Entre todas as tramas a mais
interessante é de longe a de BoJack, que o coloca para confrontar o passado
complicado de sua família ao mesmo tempo em que lhe apresenta uma nova
possibilidade de se conectar com alguém na forma da jovem Hollyhock (Aparna
Nancherla) que talvez seja sua filha. A mãe de BoJack, Beatrice (Wendie
Malick), sempre foi mostrada como fonte de boa parte dos problemas de
autoestima dele, sempre colocando-o para baixo e menosprezando tudo que ele
fazia, mas ao nos mostrar um pouco de seu passado, conseguimos entender porque
ela se tornou daquela maneira. Claro, isso não serve como desculpa para o que
ela fez com BoJack, que não tinha culpa nenhuma dos traumas dela, mas torna
compreensível e crível a conduta dela.
Através do passado de Beatrice
vemos como os filhos acabam repetindo os erros dos pais em um ciclo de traumas
e frustrações até chegarmos na relação de BoJack com Hollyhock. O processo
mental de BoJack é inteligentemente ilustrado como uma série de animações
toscas no sexto episódio, denotando não só a visão negativa que ele tem de si
mesmo, mas também revelando a personalidade depressiva, insegura e cheia de
ansiedade do personagem.
Os momentos mais poderosos da
temporada acabam vindo justamente da exploração do rancor de BoJack com a mãe,
em especial no penúltimo episódio que nos mergulha na mente esclerosada de
Beatrice. Mostrando a decadência e fragmentação de suas memórias através de
rostos rabiscados, cenários tremidos e o modo como a mãe de Beatrice aparece
com uma sombra cujo único traço identificável é a cicatriz de sua lobotomia,
experimentamos o horror vivenciado por uma pessoa presa na própria cabeça e
constantemente revivendo seus piores e mais traumáticos momentos, não muito
diferente do que tinha acontecido com sua própria mãe (embora as causas sejam
diferentes).
Quando tudo parece apontar para
uma visão fatalista da relação entre pais e filhos, a série entrega seu momento
mais arrebatador quando Beatrice tem um breve momento de lucidez e BoJack tem a
oportunidade perfeita para jogar em sua cara quanto a odeia (e estaria
justificado em fazê-lo), mas ao invés disso escolhe abrir mão de seu ódio para
lhe dar uma mínima medida de conforto ao lhe dizer que estão na casa do lago.
Assim, BoJack consegue mostrar que ele talvez seja capaz de quebrar esse ciclo
de relações familiares tóxicas, mostra que pode ser capaz de superar seus
traumas e, bem, que pode ser uma pessoa (ou cavalo) melhor.
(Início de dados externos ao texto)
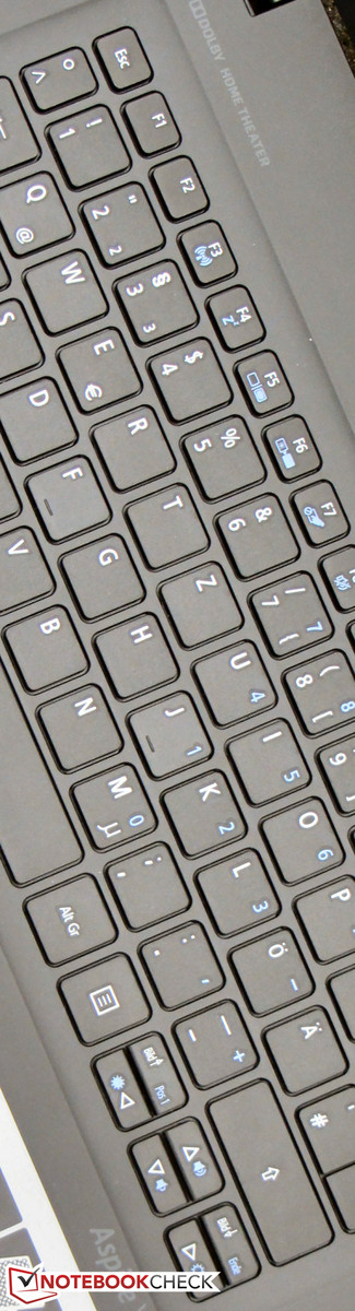 Im Idle-Modus steht der Lüfter oftmals still. Das Aspire arbeitet dann lautlos vor sich hin. Wird das Notebook gefordert, dreht der Lüfter deutlich auf. Wir messen während des Stresstests einen Schalldruckpegel von etwa 42,7 dB. Dass der Prozessor stark gekühlt werden muss, überrascht nicht. Schließlich besitzt er eine TDP von 28 Watt.

Logicamente a temporada não é
feita apenas de momentos de emoção e bad
trip, encontrando muitos momentos para o humor sem noção que lhe é
característico. O arco do Mr. Peanutbutter é uma crítica à espetacularização do
debate político e como a imprensa dá mais destaque a frivolidades do que aos
assuntos realmente importantes. As cenas com Princess Carolyn parodiam
constantemente a conduta autocentrada das personalidades do entretenimento
enquanto que Todd é puro nonsense com
sua empresa de palhaços dentistas cujo desfecho é simplesmente hilário. Mesmo
entre esses personagens, a série também tem algumas verdades duras sobre como
lidamos com a vida, a exemplo do desfecho niilista do nono episódio que nos
lembra como constantemente inventamos mentiras e fantasias para atenuar nossos
problemas. Ainda assim, nessa temporada nenhum desses personagens tem uma
jornada tão interessante e rica quanto a de BoJack, o que acaba diminuindo a
força dos momentos em que ele não está em cena.
Ao se concentrar nos problemas
emocionais e familiares de seu protagonista a quarta temporada de BoJack Horseman é a melhor da série até
aqui, nos fazendo vislumbrar uma possibilidade de reparação ou reconstrução
para o atormentado cavalo antropomórfico.